◆ **Exercise goal**:
Leave out the pictures and repeat exactly the lines from the one containing "伝説のあだ名 | 『伝説のスナイパーミカズキアキラ』 |" through the final line of the listing below.

◆ **Source material**:
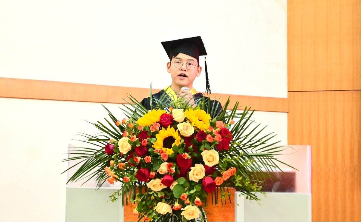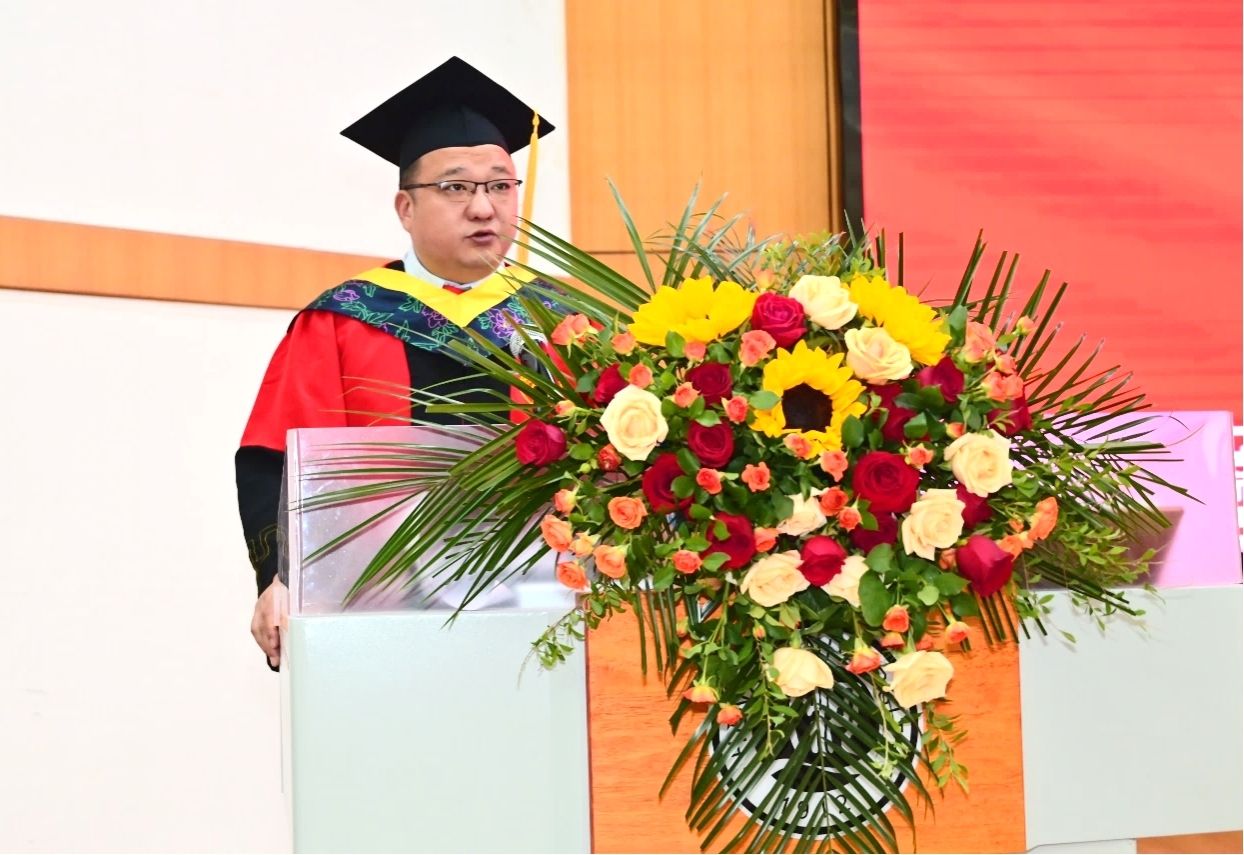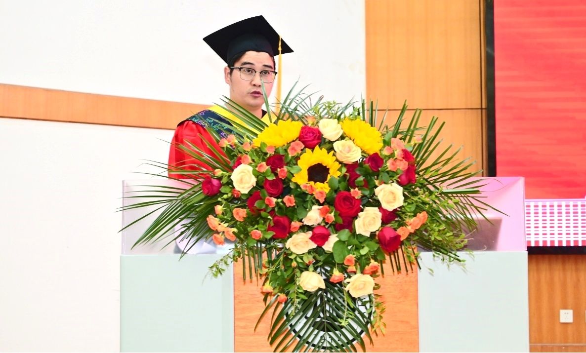 毕业生代表2020级常英波在发言中对四年来学校、学院的倾心培养表达深深的谢意,并号召同学们厚植家国情怀,以永不熄灭的青春热忱,奋力书写为中国式现代化挺膺担当的青春篇章!
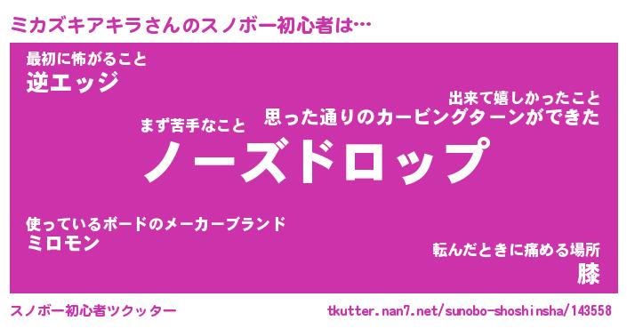 | 伝説のあだ名 | 『伝説のスナイパーミカズキアキラ』 |
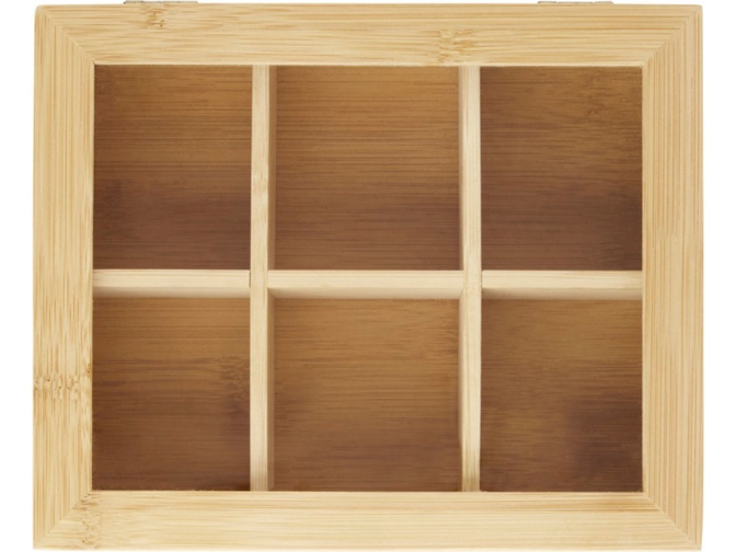 Бамбуковая коробка для чая с прозрачной стеклянной крышкой. Имеет 6 одинаковых по размеру отделений для хранения до 36 чайных пакетиков. Стекло поставляется с защитной пленкой с обеих сторон для предотвращения царапин, которую можно легко снять перед использованием. Бамбуковое дерево, Стекло.

◆ **Task solution**:
 | 伝説のあだ名 | 『伝説のスナイパーミカズキアキラ』 |
 Бамбуковая коробка для чая с прозрачной стеклянной крышкой. Имеет 6 одинаковых по размеру отделений для хранения до 36 чайных пакетиков. Стекло поставляется с защитной пленкой с обеих сторон для предотвращения царапин, которую можно легко снять перед использованием. Бамбуковое дерево, Стекло.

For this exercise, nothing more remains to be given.